# The Night Before



## Coffeejunkie (May 17, 2012)

KGolden said:


> How can I keep their legs clean the night before ? Both have white stockings . What's your little tip on horses with white markings the night before of a show ?
> 
> Also, Taco had rubbed off a good part of her mane awhile ago and it's only about 3 inches long while the rest of her mane is about 8 inches . And it stands straight up no matter how many times I brush it . Any idea to make it lay flat ?
> Thanks
> _Posted via Mobile Device_


white legs: 
A: tie them up overnight (with access to water, within reasonable heights etc)
B: wash them the morning of the show
get some corn starch to use the day of the show.

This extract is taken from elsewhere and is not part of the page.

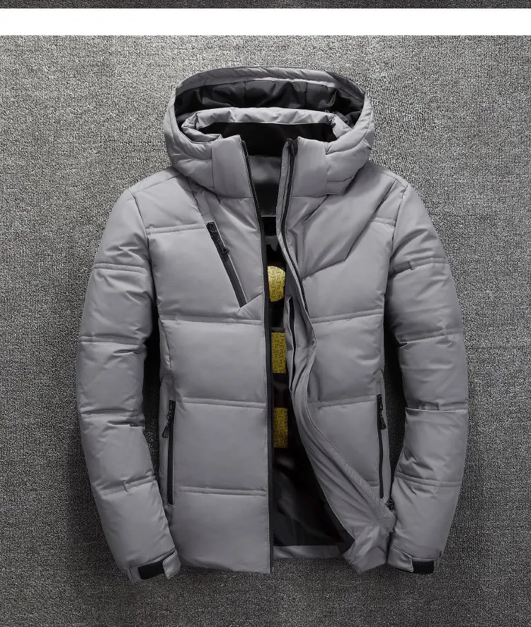 FGKKS качественный брендовый мужской пуховик, тонкий плотный теплый однотонный пуховик с капюшоном, модные повседневные мужские пуховики

As far as the mane, since you are showing in both, you should be doing your mane for what your horse excels in. If your horse is better at western- band (the mane should be no longer than 3-4 fingers width). If your better in the English classes-braid. Then put a sleazy over your hard work, and make sure you leave time in the morning to fix any that get knocked out of place.


----------



## Hoofprints on my heart (Apr 27, 2011)

I always get to the barn early to make sure that my horses stockings are white. I always get to the show super early and just do them there, I suggest Corn Starch, whitining shampoo, and a spray on whiteing it helps the best. 
For the mane, Hair gel! Its my lifesaver and it helps to keep the braids or bands laying flat on the side of the horses head.
The night before I suggest braiding your horses tail (just a regular braid) starting from under the tail bone and continuing down till the end. It helps keeping dirt out of the beuftiful tail. At the showgrounds take the braids out and brush through, just make sure to not make the braids super tight or your going to have wavy tails. 
I Hope this helps =)


----------